In horses, Pinto is not a breed, but a description of coloration. In cars, the Pinto is colored by a history of corporate malfeasance and an era of performance malaise. Still, Nice Price or Crack Pipe keeps an open mind.
Yesterday 87% of you said how swede it is over the tidy little 99. That Saab possessed an economical four cylinder and many innovative and thoughtful features which continue to this day to delight with their idiosyncratic delivery of driving enjoyment. In comparison to that car's high-carbon steel surgical blade approach to carving up the miles, today's candidate is a hand-cleaved stone axe to the crotch.
Pintos. given their sordid history, joining the owner's club may not high on your to-do list. But people do love them, much in the way they love a good bowel movement, or in the way a cat takes pride in the decapitation of a cheery songbird. These achievements may provide personal gratification, but lack the exigency of community to make them a shared victory. Still, there is a dedicated collective of like-mined souls, which is the Pinto Owner's Club, and that's where you'll find this 1980 wagon, and its 5.0 motor.

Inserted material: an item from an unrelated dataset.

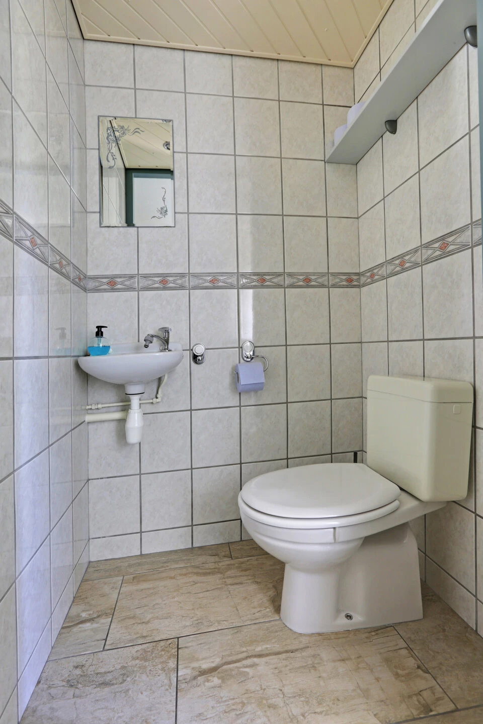 De badkamer is volledig betegeld. Het is een verzorgd en compleet geheel. De vloer en wanden zijn voorzien van lichte tegels. De douchecabine, zwevend toilet, wastafel en designradiator maken de ruimte vervolgens compleet. Praktisch is het smalle raam dat voor extra daglicht en ventilatie zorgt. Tevens is hier de wasmachine aansluiting.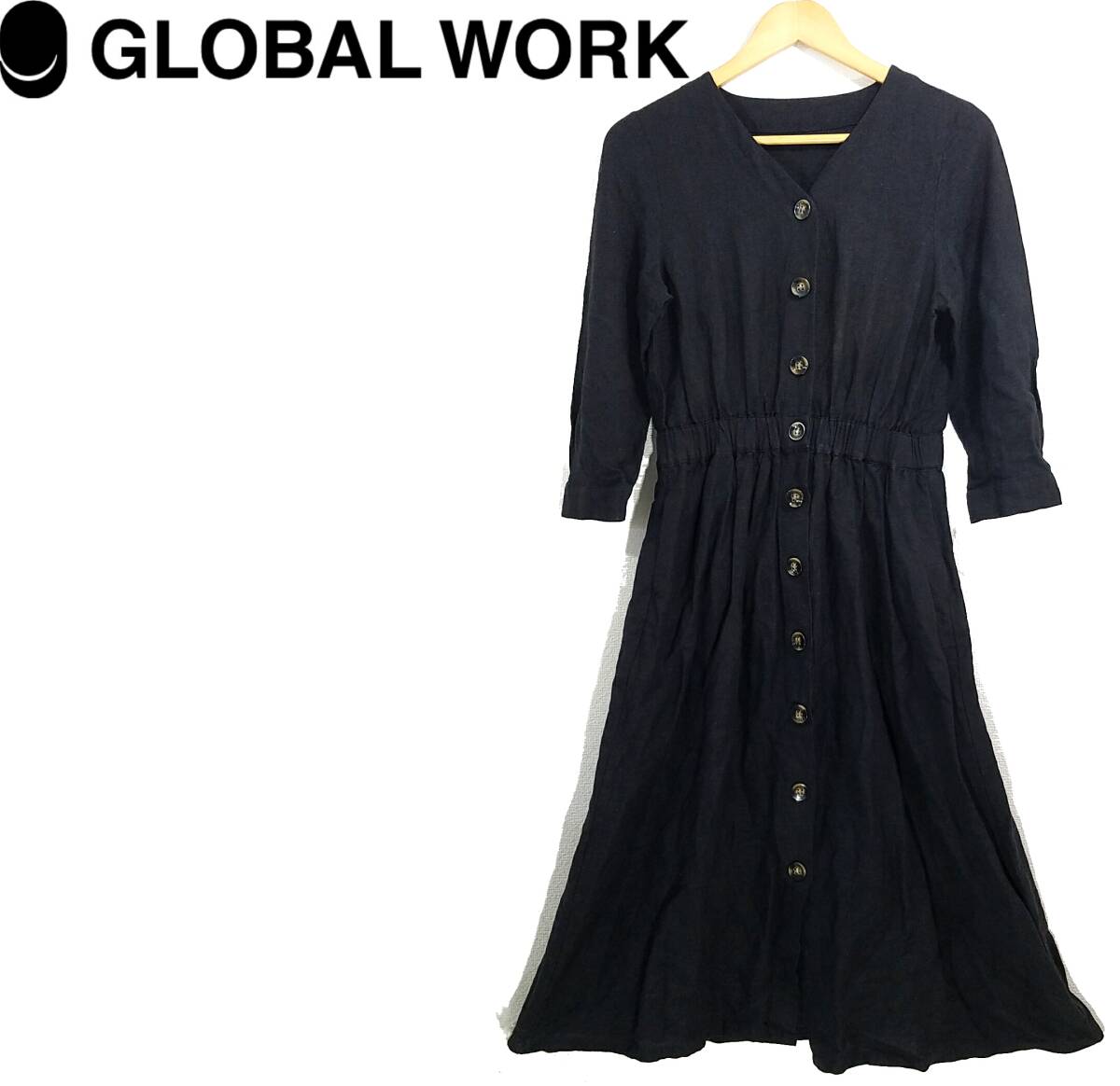 ★★★★即決価格でご落札は送料無料★★★★ GLOBAL WORK フレンチリネン 七分袖ワンピース M グローバルワーク FRENCH LINEN ノーカラー 黒 (株)アダストリア レディース 春夏秋 ブラック 送料600円~ | ||||||||||||||||||||||||||||||||||||||||||||||||||||||||||||

Ford's littlest pony was the basis for the lamented Mustang II, and at some point in the gestation of the platform a Ford engineer realized that someday they might want to shove something bigger than the Cologne V6 in there. That makes four-banger Pinto owners slap their foreheads globally and exclaim I coulda' had a V8! just like this owner did. He dropped in a former Mustang motivator, backup up by an AOD 4-speed slusher, for a pinto with picante. The '93 5.0 is good for a healthy 205 bhp out of the crate (remember that '93 was the year the output of the 302 went down by 20) and that more than double the horsepower over the Lima 2.3 means that this is a horse of a different color.
Speaking of color, that arrest me red might not have been the best choice for the street as radar gun-slinging smokies will be on it like it's doughnut-encrusted. On the strip, that bright red paint will let you pick out the car amongst all the burn-out that the 9" rear end transmits to both back tires for distribution. Cragar mags; Corbeau seats; this car lacks only the 8-track of Dennis Wilson's Pacific Ocean Blue to register a 7.0 on the disco era richter scale. It's got a roll cage, reassuring as the car it likely a tree magnet, and the wagon body is still pretty good looking to this day.
So, $4,500 to put the pinto to the metal. Is that a Price that's Nice for a pony with some ponies? Or does its basic pintoness make you think the seller is Cracking the Pipe over this one?